Solving this macro-problem requires server-side geo-intelligence at its full level, and that is exactly where Kitewalk will outperform all competition and prove its genuine added value.




The good news is that choosing between App Development and Kitewalk is not exclusive. Actually, both choices are complementary: trusting on app development technologies for the client-side part and trusting on Kitewalk for the server-side can be a winner. Under such scenario, app developers will integrate Kitewalk Web Services into their app client interfaces in order to gain access to the geo-intelligent server-side features Kitewalk provides. This client/server ideal separation makes Kitewalk an excellent choice even for the scenario depicted in the Example 1 above, as Kitewalk technology provides the key to ensure a long-term strategy solution for any city no matter its size.

In summary: if you do not want to build a short-term silos which will only work under small-sized environment conditions, you'd better think big, think server-side, think platform. Think Kitewalk.


Protection

While it is fairly straight-forward to create "geo-intelligent" hardcoded designs which can scale to hundreds of contents and dozens of sites, it is extremely complicated to design algorithms which render such intelligence scalable to millions of dynamic contents and places simultaneously and build a universal platform to make such intelligence available to anyone. The entry ticket to compete in such space is very high and only at the reach of either big transversal players such as Google and Facebook or crazy start-ups ready to spend 4 years on the development of an equivalent offer without requesting financing.

Kitewalk chose the second path, an extremely uncommon one. Kitewalk core team has more than 150 years of experience in the architecture and implementations of highly distributed identity and billing network solutions which are running today at national levels inside companies such as in Verizon, AT&T, Cable&Wireless, Telefonica, BT or Vodafone. We made the explicit bet to create Kitewalk's geo-intelligent platform and not make it public too fast, having fun on the trip and not rushing for the salaries nor the finance rounds. Over time, such strategy has become our main protection.

We are virtually alone in proposing geo-intelligence services for third-parties as white label.

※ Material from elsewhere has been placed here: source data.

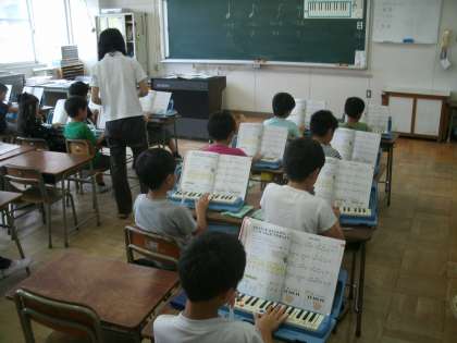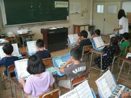 音楽科学習の様子です。今日はみんなで鍵盤ハーモニカを使って「山のポルカ」を合奏していました。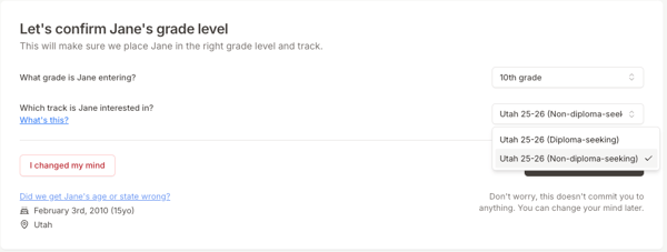 On that grade confirmation screen, you'll be asked what track your student is interested in. From the dropdown menu, you can select either diploma-seeking or non-diploma-seeking.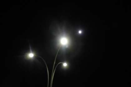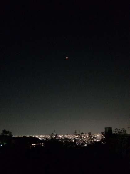 10月8日(水)の夜に皆既月食が見られました。左は10月7日の志摩マリンランド、中央と右端は8日に西宮市剣谷橋から撮影したものです。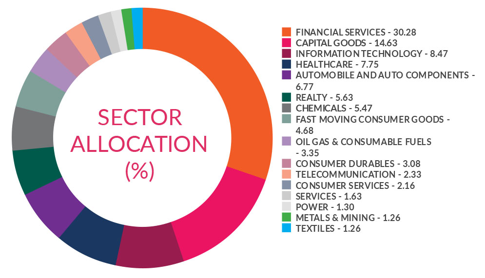 ^^Market caps are defined as per SEBI regulations as below: a. Large Cap: 1st -100th company in terms of full market capitalization. b. Mid Cap: 101st -250th company in terms of full market capitalization. c. Small Cap: 251st company onwards in terms of full market capitalization.
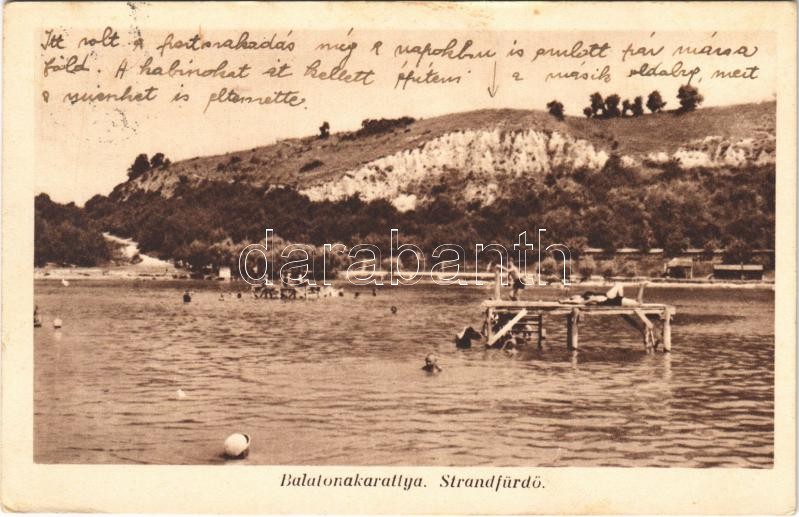 1938 Balatonakarattya, strandfürdő, fürdőzők, stég + "KESZTHELY -...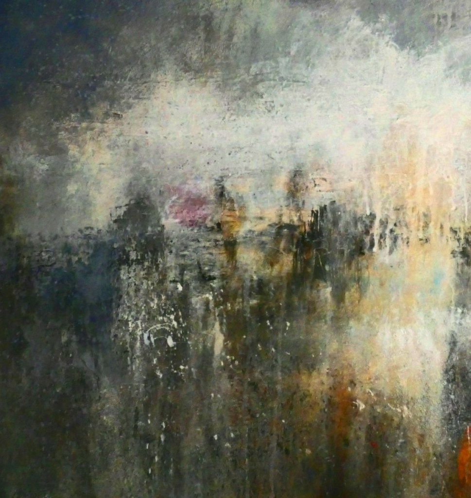 #Painting #MixedMedia on 40x40cm Canvas “Morning Mizzle and Cloud, Distant Sea, Porthcurno, #Cornwall”

Scarcity and thousands of engineer/hours of high-skilled server-side code creation, algorithm deployments and testing before reaching the first revenues and financing stages are our most solid unfair advantages. Summarizing:
  • An average start-up could hardly handle such level of commitments, it is a big barrier to entry.
  • An established company would require more money to copy our technology than to purchase ours.
  • The engineering expertise required to build a server-side geo-intelligent platform is old-school, requires many years of experience in the development of massive distributed network environments handling millions of read/write transactions. 



Kitewalk geo-intelligence is accessible through a Web Services layer. From such Web Services, different Business models can be declined:
  1. Web Services subscription models (PaaS). Customers use Kitewalk Web Services to create, complement, extend their own existing solutions, running on their own networks
  2. Solutions subscriptions (SaaS). Customers delegate to Kitewalk the complete implementation of their new geo-intelligent software solutions
  3. Kitewalk-embedded (IaaS). Customers OEM Kitewalk technology to install and manage Kitewalk platform inside their own private clouds / networks for their own business purposes
The first two options run directly on Kitewalk cloud. Alternatively, Kitewalk-embedded can run directly at the customers’own architecture, autonomously. This capability provides an answer to an increasing demand for the full control of the data being handled by geo-intelligent services (for security and/or privacy reasons). Kitewalk-embedded positions the company as more than a simple cloud player, differentiating it further from the competition. This last point brings yet another additional level of protection for the company.